A lovely friend wrote in our Christmas card a little after we got engaged, ‘You will make a beautiful bride’ – it was a lovely, kind thing to say, but it was the first time I had been labelled a ‘bride’ and it freaked me out. I think the reason may be because there seems to be so much pressure to be ‘beautiful’, to be a ‘blushing bride’. All I want is for me to be me, for my fiance to be him, and for us both to be able to declare our love for one another like grownups in front of their family and friends. Why do I need to now have a label?
Challenging wedding and bridal tradition
There is so much pressure for the woman getting married to be a certain way, not just in looks (wearing a white dress, having a veil, looking beautiful) but also in how we’re supposed to act. In my view, a ‘bride’ is someone who is very feminine and girly and who has huge excitement at the prospect of upholding wedding traditions. Am I wrong? And please don’t get me wrong – I don’t think this is what a bride should be; but it is what I feel this is what society deems a bride should be. Planning my own wedding has made me realise how un ‘girly’ I am. It has also made me realise how many typical bridal and wedding traditions I don’t want to uphold. And through all the expectations around our wedding, I feel I’m somehow going to be letting people down because of this.
A non traditional dress
It really saddens me that people are so invested in these traditions of marriage that it makes them un-interested in the more personal and genuine ideas my fiancee and I have had. Right from the start for example, I have been against the idea of wearing a white dress. I just don’t see the point; white is not a colour I generally wear, and I want to wear a colour that makes me feel like ‘me’, and confident and special. I was absolutely stoked when I came across the perfect dress whilst on my lunch hour, the Phase Eight ‘Rosa’ dress – a beautiful long red dress, with the most gorgeous floral tape work.
When I showed my mum my dress for the first time, her initial reaction was to ask whether the colour would go with the bridesmaids dresses.
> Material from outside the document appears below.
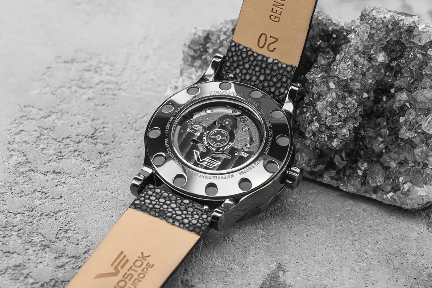 Vostok Europe Undine Rebel Limited Edition NH72-515D766 je výjimečné dámské hodinky Vostok, které kombinují sportovní styl s elegancí, inspirované mýtickými vodními nymfami Undine. Tento model se vyznačuje neobyčejnou přesností a všestranností. Pouzdro o průměru 39 mm, vyrobené z nerezové oceli 316L, je potaženo šedou vrstvou, která mu dodává moderní vzhled. Dámské hodinky s vyměnitelnými řemínky umožňují přizpůsobit je každé příležitosti – v sadě jsou tři řemínky: exkluzivní řemínek z rejnokové kůže a dva silikonové v černé a bílé barvě, které lze snadno vyměnit díky systému rychlého upevnění. Vodotěsnost na úrovni přibližně 20 ATM (200 metrů) a otočný potápěčský kroužek z nich činí ideální volbu i pro milovnice vodních sportů – dámské potápěčské hodinky Vostok zajišťují spolehlivost při každodenním nošení i venkovních aktivitách.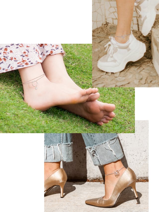 アンクレットでもブレスレットと同様に2重にしてご利用いただけます。きらめき続ける足元に注目間違いなし!!

I know she probably didn’t mean to hurt my feelings, but I had been so hoping for a more positive response than that – for her to share my excitement.
My mum saw me upset that evening but still chose not to say anything positive about the dress – there has been no comment to this day that I look nice in it. Mum seems much more excited about my younger sister’s bridesmaid dress, and every time she’s tried it on, she’s gushed about how wonderful my sister looks in it, and how much it suits her. I haven’t said anything to her about it, but it really hurts. I’m not sure she means to be this way – I’m convinced it’s because my dress doesn’t fit her vision of ‘tradition’. It makes it very hard for my fiance and I to stick to our guns about not having a ‘traditional’ wedding.
Taking on your husband’s name and entering marriage as equals
Another big one for me is the assumption that the woman will take the man’s name. Before we became engaged, the idealist in me had assumed that in 2016, people would know that couples are entitled to take whichever name they please as their surname. My fiancé and I had talked to our families about the subject of what name we’d take before we were engaged – stating that neither of us felt comfortable with me assuming his last name, but that we still both wanted to share a last name.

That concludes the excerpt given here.